Live Q&A sessions: The stop also offered structured opportunities for students to learn about manufacturing organizations’ support for the next generation of talent, along with the importance of mentorship and personal development in shaping successful careers.

  • The first session, featuring two Union Pacific senior managers—Amy Bang, Sr. manager of diversity and inclusion, and Ken Kuwamura, Jr., manager of talent acquisition—and Saint Paul College instructors, zeroed in on the crucial roles of mentorship, diversity and passion in career selection.
  • The second session, with Jake Yernberg, automotive instructor, Saint Paul College; Caitlin Bundy, manager of corporate sustainability, Union Pacific; and Preeti Subramanian, senior product manager, Trane Technologies, accentuated the pivotal role of manufacturing in tackling global challenges. Panelists pointed out the advantages of the manufacturing sector, citing competitive pay and the sector’s potential in addressing global issues, such as sustainability and climate change.

Interactive Learning: Everfi®, Ecolab and Schwan’s joined Union Pacific in bringing in representatives to give students career advice—and offer activities to spark their curiosity.

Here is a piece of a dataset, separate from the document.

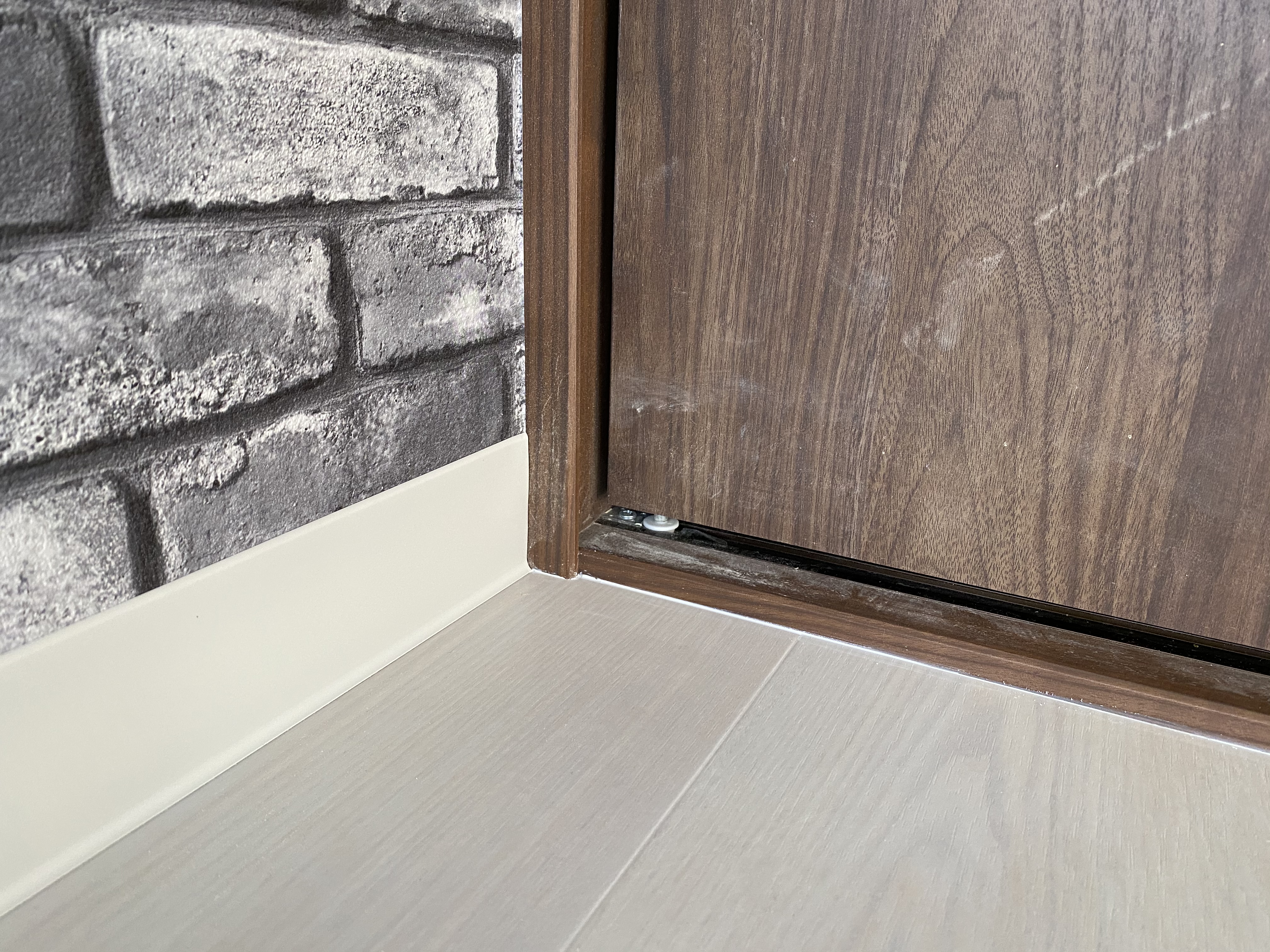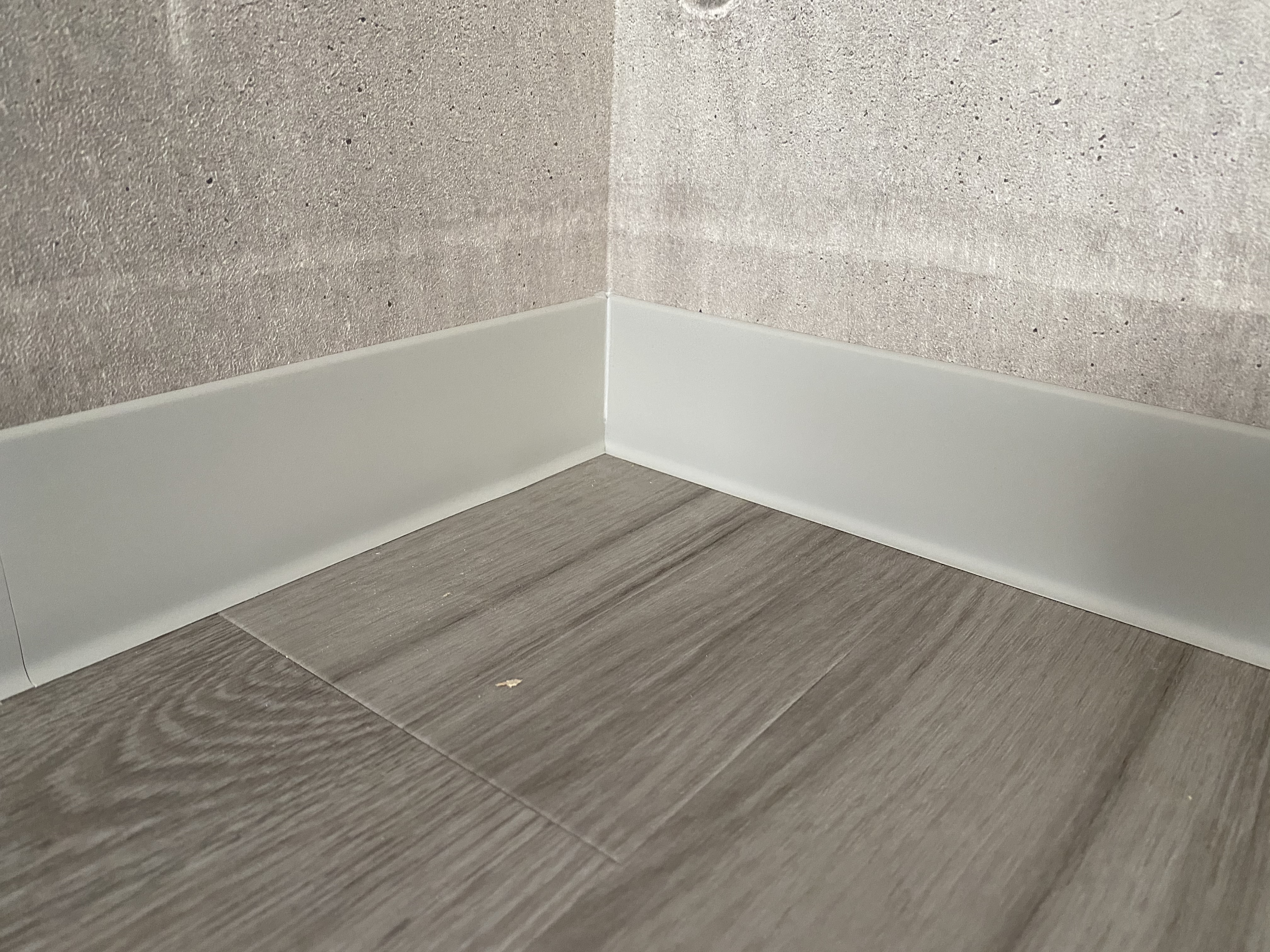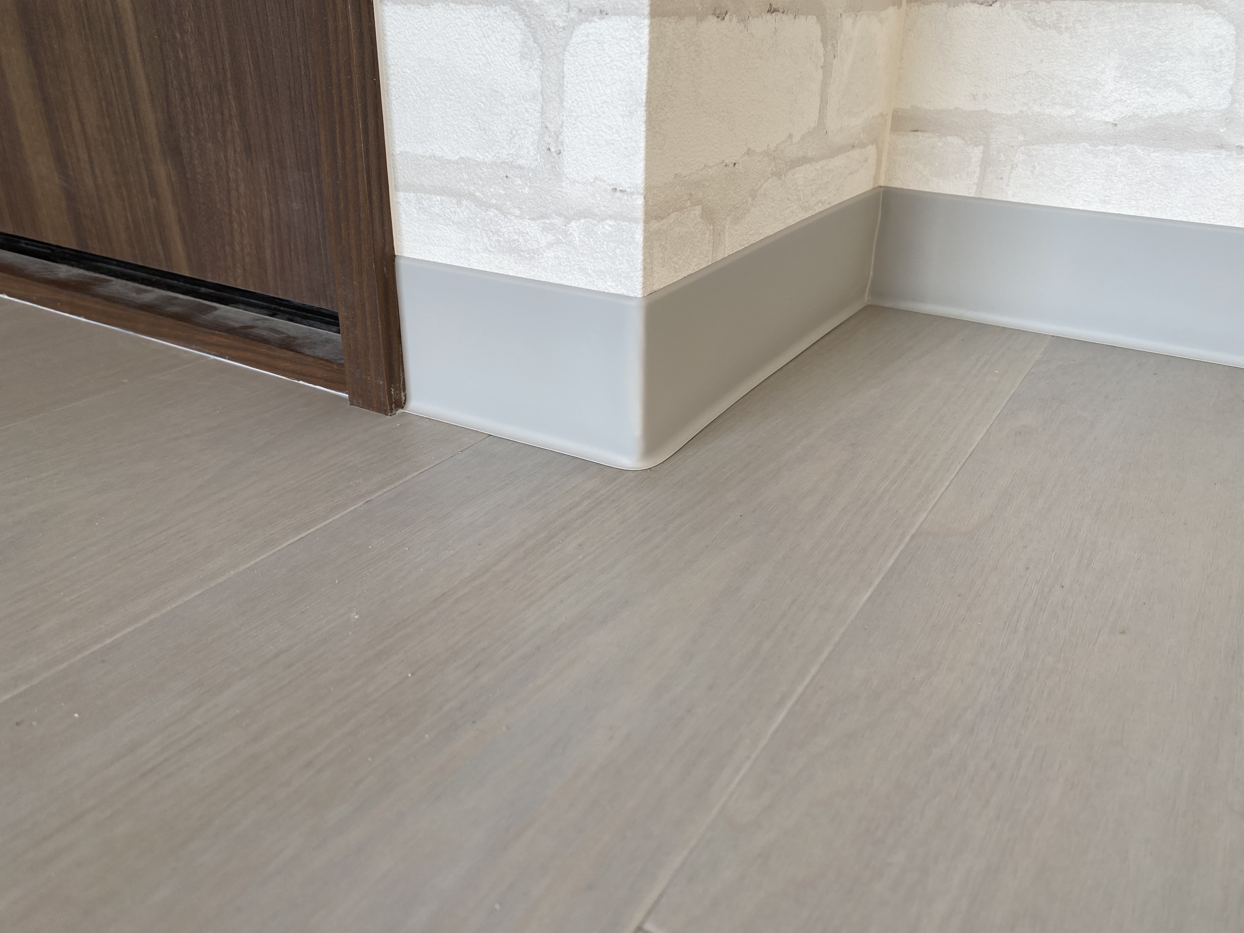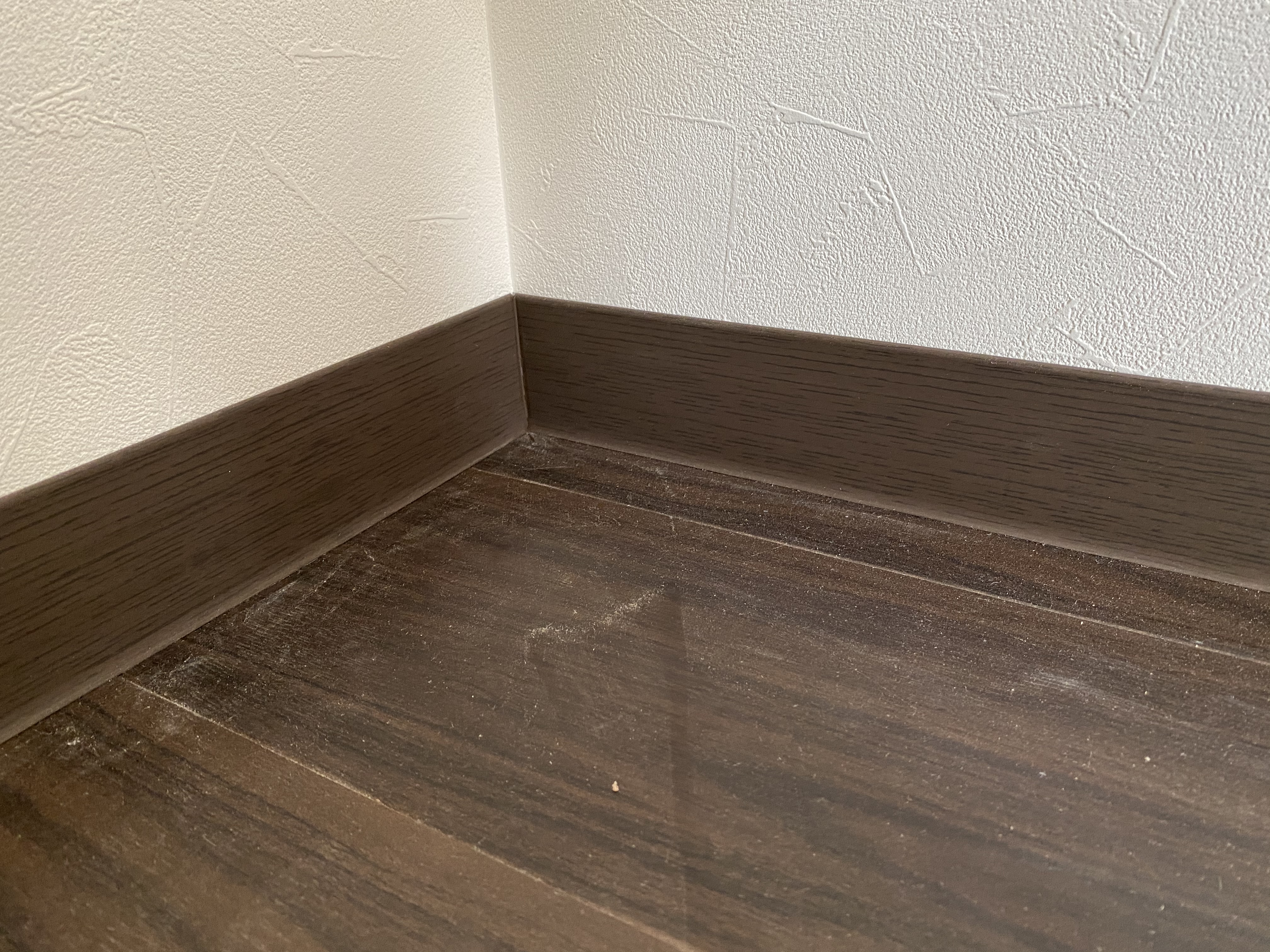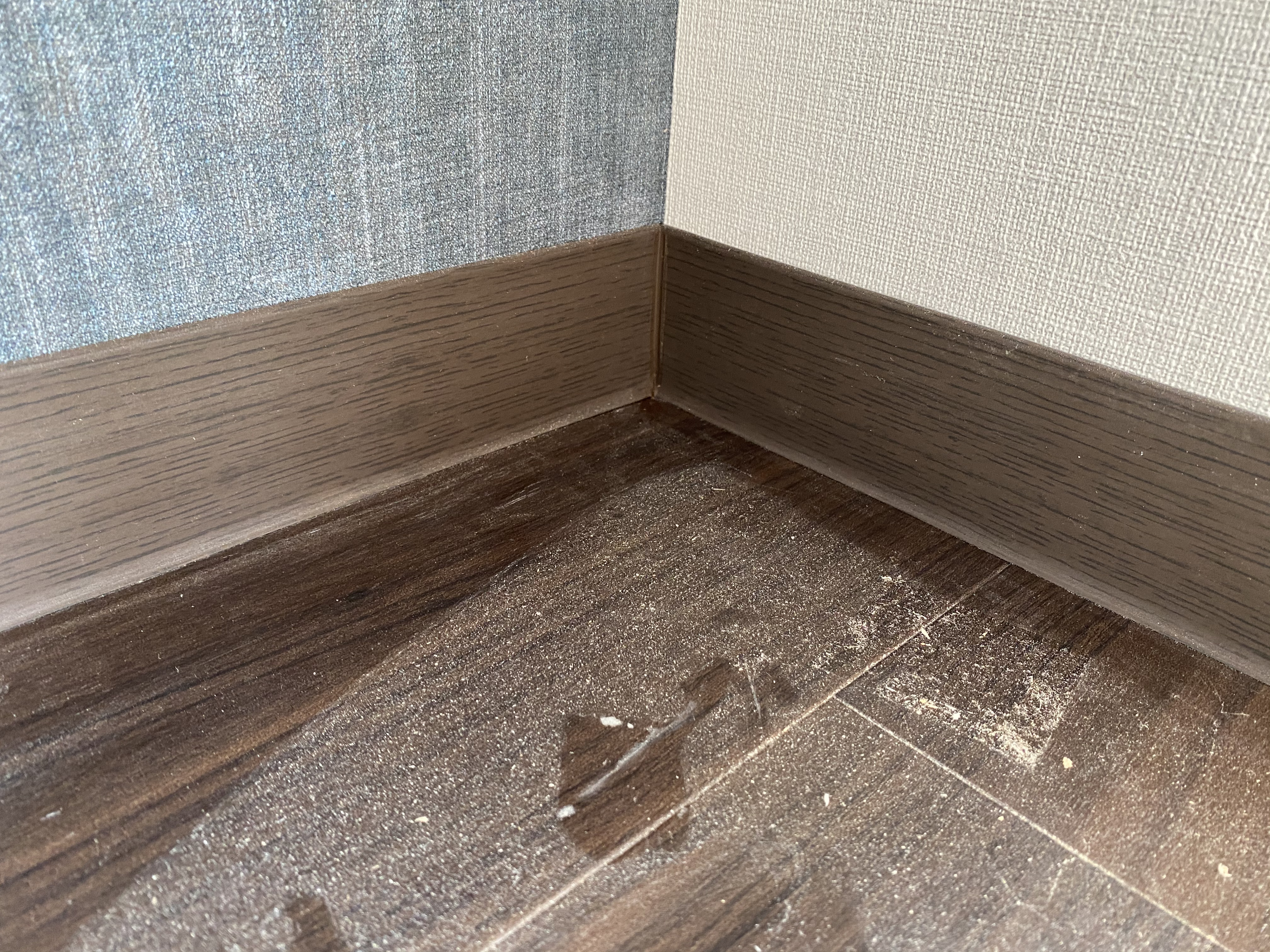 クロス、床工事完了間際!今回はクロスと巾木と呼ばれる床と壁の境目にある部材と床の写真を。こちら各部屋によって色を変えておられます。カラフルになるのかな。と発注する際ドキドキでしたが意外と落ち着いた雰囲気になっております。

  • Everfi® showcased a new digital education program, “Future Creators,” co-developed with the MI and Union Pacific, to give middle and high school students a peek into STEM careers.
  • Saint Paul College also took students on a tour of its robust Trades and Technical Education program.

Beyond the Tour: The Twin Cities event is a part of Union Pacific’s overarching “Careers on Track” initiative, which aims to inspire more women and youth to pursue modern industrial careers, and the Creators Wanted campaign’s sustained drive to enhance perceptions of manufacturing careers in the United States and empower more people to create the future.

The last word: “I want all of you out here, the students, to have an opportunity to go out there and win and compete and further your careers and do well in life,” said Rocker, echoing a theme the Creators Wanted Tour has promoted since its inception: manufacturers and manufacturing care about students and their future. 

Next up: The pioneering Creators Wanted Tour concludes next month, Oct. 17–21, at the Circleville Pumpkin Show in Circleville, Ohio.